The Yakima Valley research site will be structured similarly.

Researchers are expecting that home-based testing will be more efficient and better accepted when the test kits are delivered to their door by community members in the active testing group.

Participants at both locations will also receive culturally adapted printed and video instructions and a survey on their current symptoms and medical conditions, according to a news release.

Adams said the study will use test kits the researchers create, but they are working with several companies to try to obtain home-based tests that were recently approved by the Food and Drug Administration.

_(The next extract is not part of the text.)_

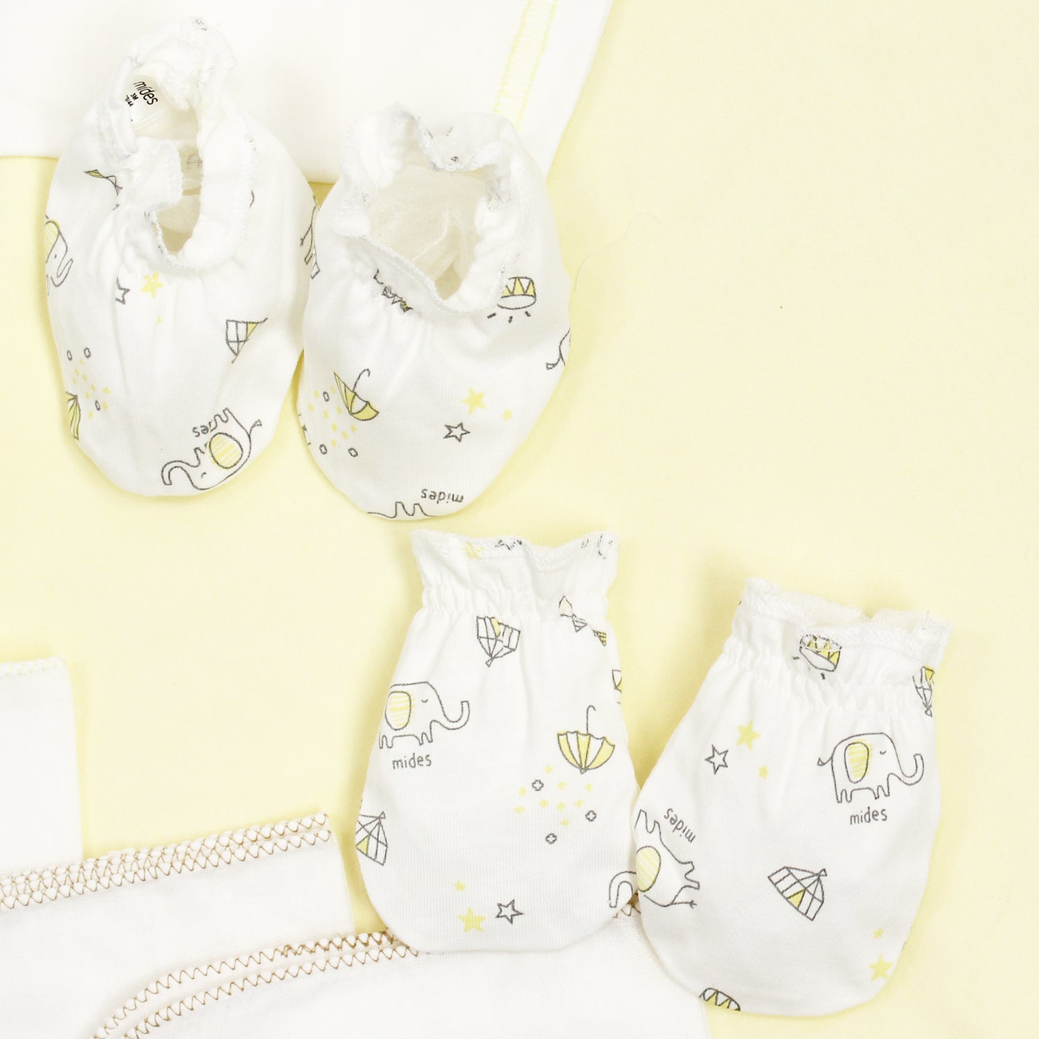 一套9件(綁帶長袍x1件,綁帶短衫x1件,手套x1對,腳套x1對,包被x1件,紗巾x4條)

The study is funded for two years but Adams said the majority of the work would need to be completed in the first year. The results will then be used to help Montana and Washington better serve their Native and Latino populations, she said.

The Montana part of the project will be led by Adams and Selena Ahmed at CAIRHE and Virgil Dupuis and Wendy Westbroek at Salish Kootenai College.

MSU will head the study but has partnered with entities in Montana and Washington, including the University of Washington’s School of Medicine and Institute of Translational Health Serves, Seattle’s Fred Hutchinson Cancer Research Center in Seattle, Salish Kootenai College and the Confederated Salish and Kootenai Tribes.

Each study location will have its own local advisory board.

Jason Carter, MSU vice president for research, economic development and graduate education, said in a statement that the CAIRHE team is experienced in building meaningful and impactful partnerships.

“Montana State is committed to building, strong, equitable and sustainable partnerships with tribal nations, as well as the University of Washington’s ITHS program,” he said.

Adams said the goal is to make COVID-19 testing easier and more understandable to underserved populations to help reduce the spread of the virus.

“There is a lot of misinformation about COVID and misunderstanding of testing results,” she said. “We hope that our work will help make testing more accessible and the results easier to understand and act on.”